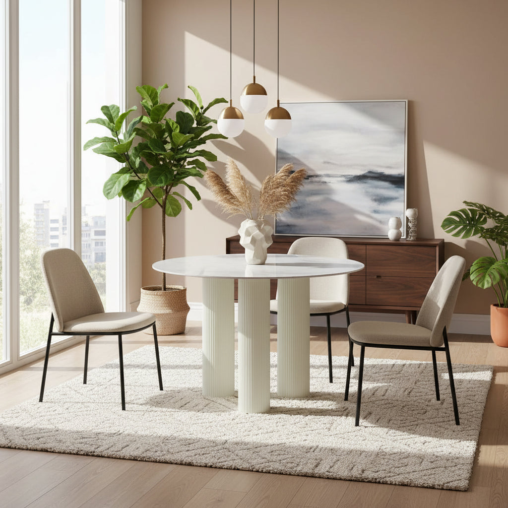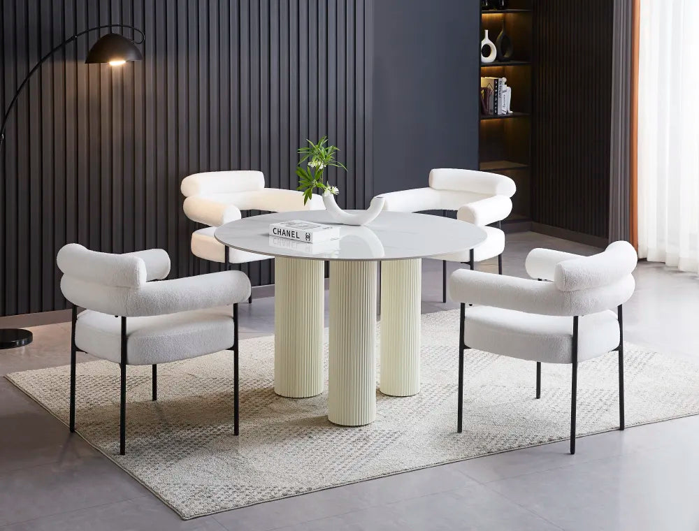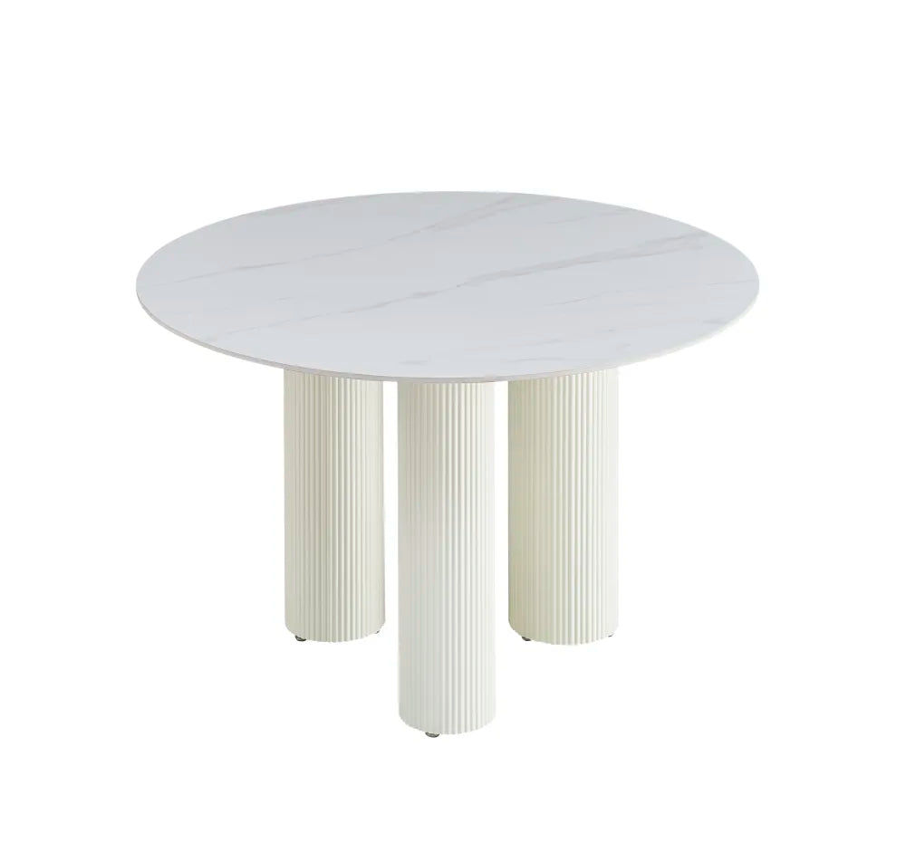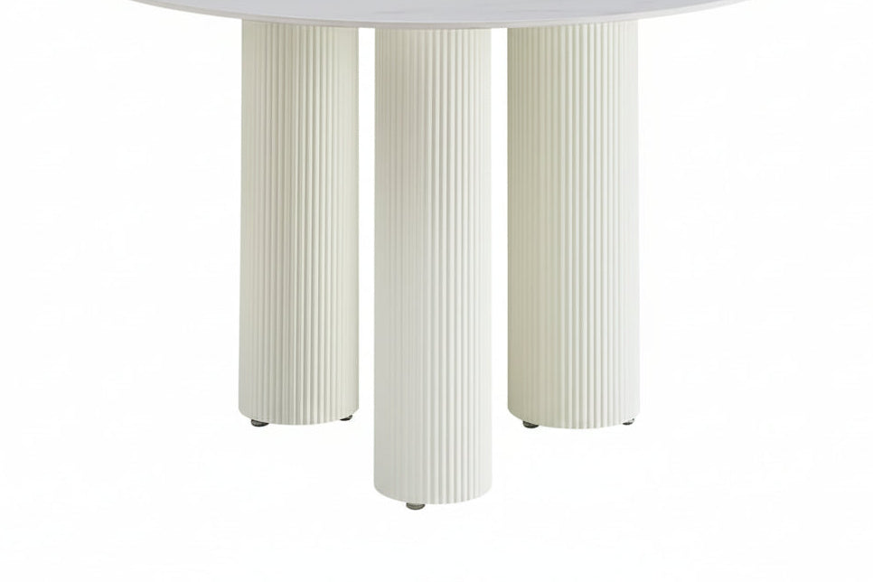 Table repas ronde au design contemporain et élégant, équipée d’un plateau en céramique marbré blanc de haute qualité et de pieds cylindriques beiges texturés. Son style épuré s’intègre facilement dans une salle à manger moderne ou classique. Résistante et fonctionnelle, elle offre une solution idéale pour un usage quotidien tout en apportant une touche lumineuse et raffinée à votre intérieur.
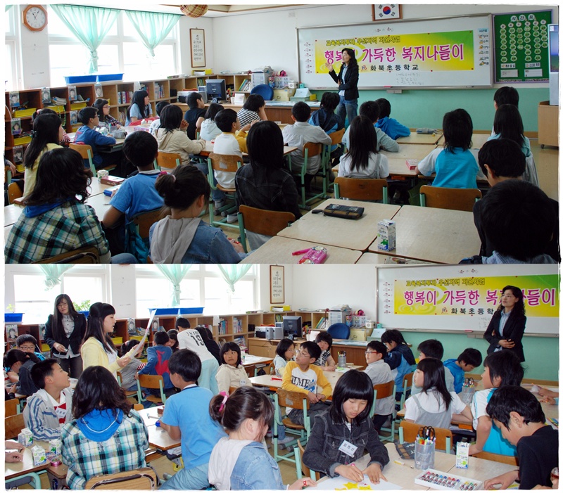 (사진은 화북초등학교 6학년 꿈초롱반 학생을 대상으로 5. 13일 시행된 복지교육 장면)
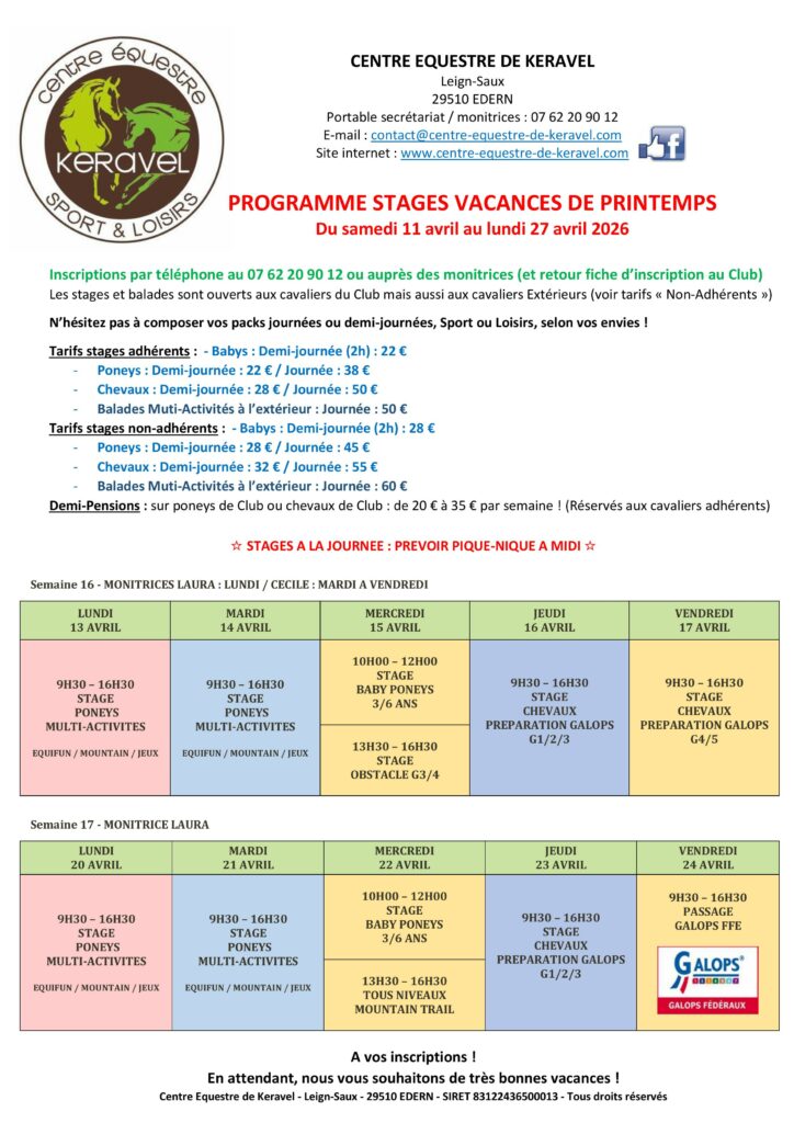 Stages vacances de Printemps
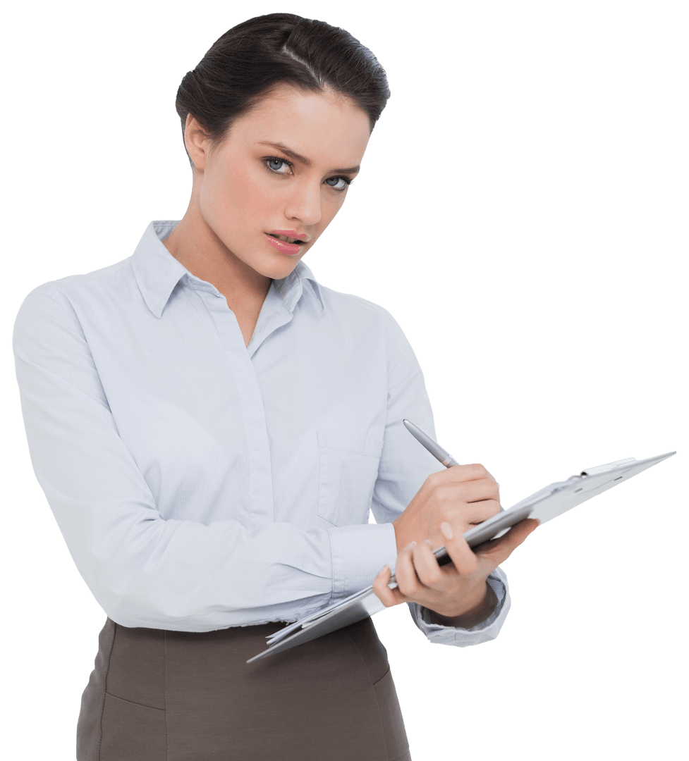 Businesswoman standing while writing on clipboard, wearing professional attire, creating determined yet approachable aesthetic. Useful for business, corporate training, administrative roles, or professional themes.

--

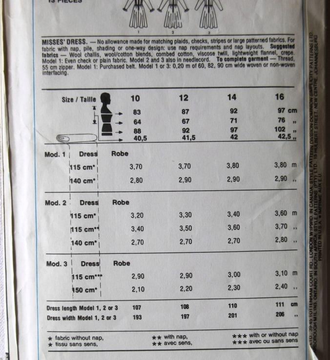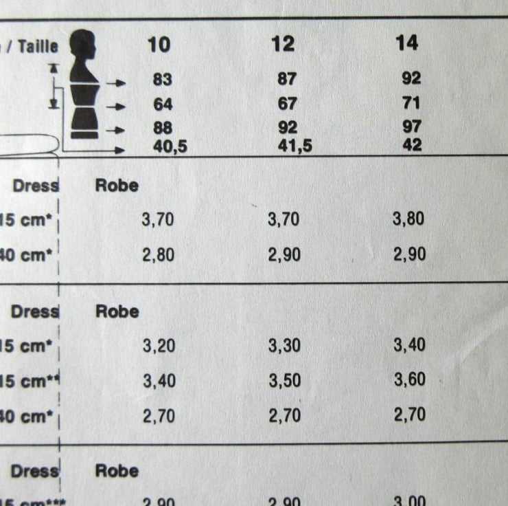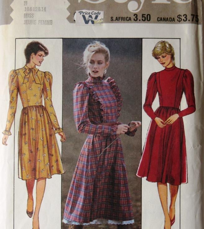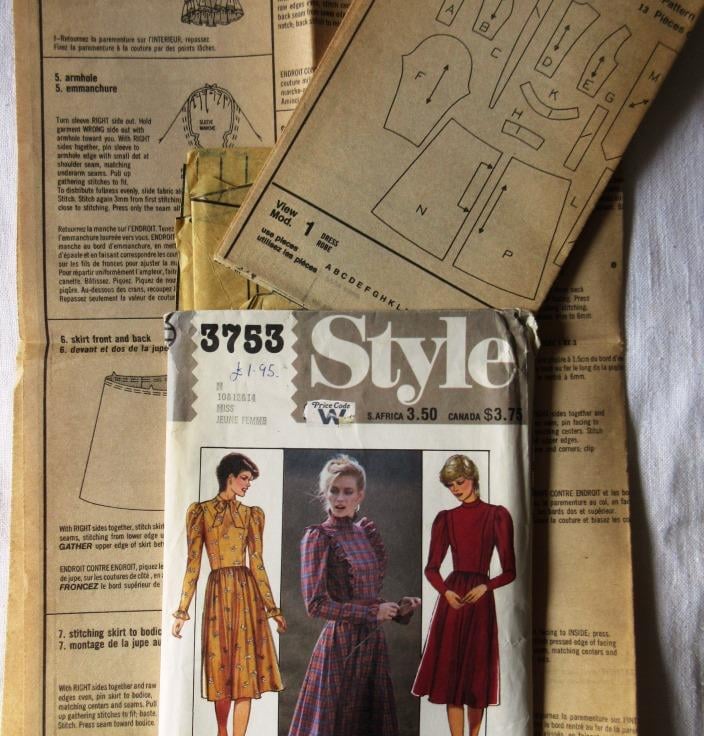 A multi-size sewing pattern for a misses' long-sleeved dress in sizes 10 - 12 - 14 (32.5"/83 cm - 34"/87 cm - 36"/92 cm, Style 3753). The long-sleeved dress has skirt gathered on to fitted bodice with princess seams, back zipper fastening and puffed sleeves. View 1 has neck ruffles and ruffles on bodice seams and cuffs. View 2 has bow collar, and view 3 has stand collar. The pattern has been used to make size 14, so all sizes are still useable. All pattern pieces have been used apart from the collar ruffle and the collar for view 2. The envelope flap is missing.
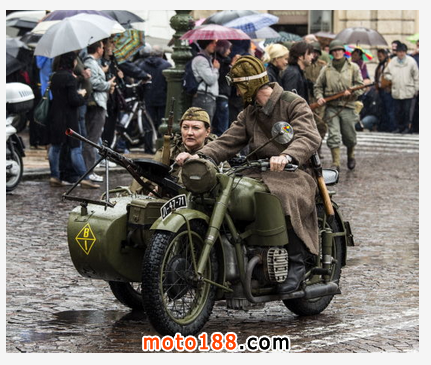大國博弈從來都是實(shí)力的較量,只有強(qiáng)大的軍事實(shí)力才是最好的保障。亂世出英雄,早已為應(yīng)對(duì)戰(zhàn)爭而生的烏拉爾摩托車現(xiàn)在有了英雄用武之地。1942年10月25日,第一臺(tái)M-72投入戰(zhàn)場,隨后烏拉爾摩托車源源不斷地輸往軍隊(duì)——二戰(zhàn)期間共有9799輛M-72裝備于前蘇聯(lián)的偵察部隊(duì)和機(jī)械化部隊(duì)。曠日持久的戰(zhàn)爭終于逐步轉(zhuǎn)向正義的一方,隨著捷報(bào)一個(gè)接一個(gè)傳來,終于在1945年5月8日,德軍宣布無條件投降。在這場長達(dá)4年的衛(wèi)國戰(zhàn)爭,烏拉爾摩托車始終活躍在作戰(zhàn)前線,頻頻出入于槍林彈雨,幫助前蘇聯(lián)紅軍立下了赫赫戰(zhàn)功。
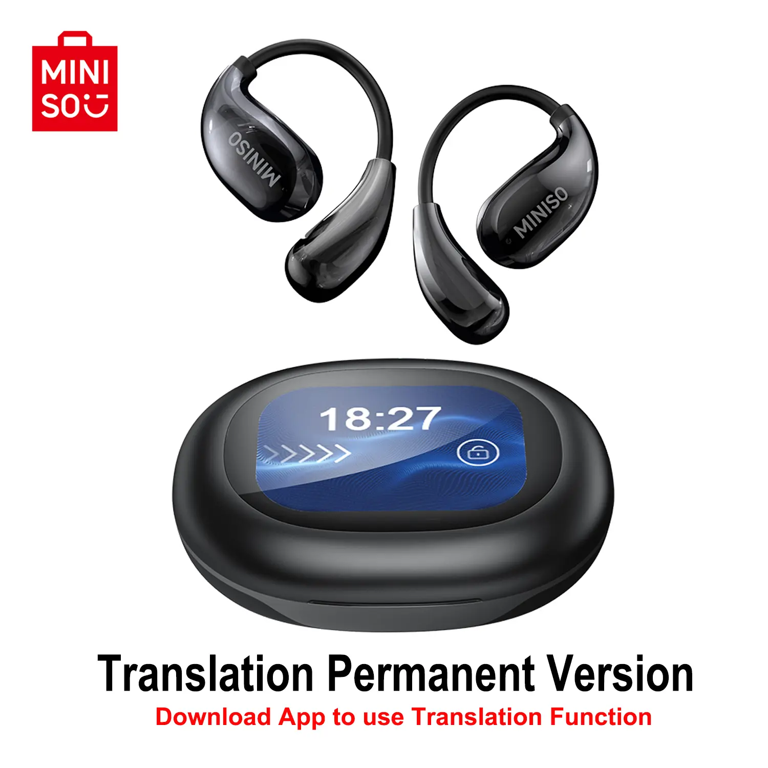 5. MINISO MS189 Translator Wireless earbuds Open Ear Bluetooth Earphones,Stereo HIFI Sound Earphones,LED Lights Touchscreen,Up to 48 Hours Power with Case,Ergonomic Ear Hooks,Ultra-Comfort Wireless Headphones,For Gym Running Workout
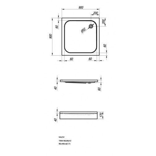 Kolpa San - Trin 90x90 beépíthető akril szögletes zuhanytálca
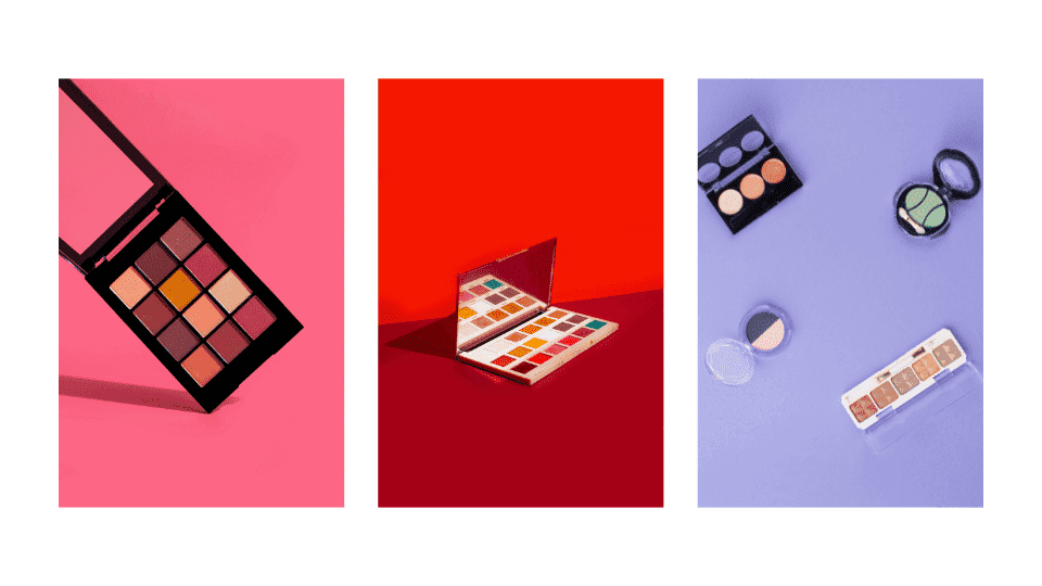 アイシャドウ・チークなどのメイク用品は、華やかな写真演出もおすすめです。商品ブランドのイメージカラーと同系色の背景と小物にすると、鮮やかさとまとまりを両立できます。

PROBLEM STATEMENT » In the data above, find the line containing "(사진은 화북초등학교 6학년" and the line containing "Stages vacances de Printemps". Copy exactly the stretch from the first through the second, both included, leaving out any picture.

FINISHED EXERCISE »
 (사진은 화북초등학교 6학년 꿈초롱반 학생을 대상으로 5. 13일 시행된 복지교육 장면)
 Stages vacances de Printemps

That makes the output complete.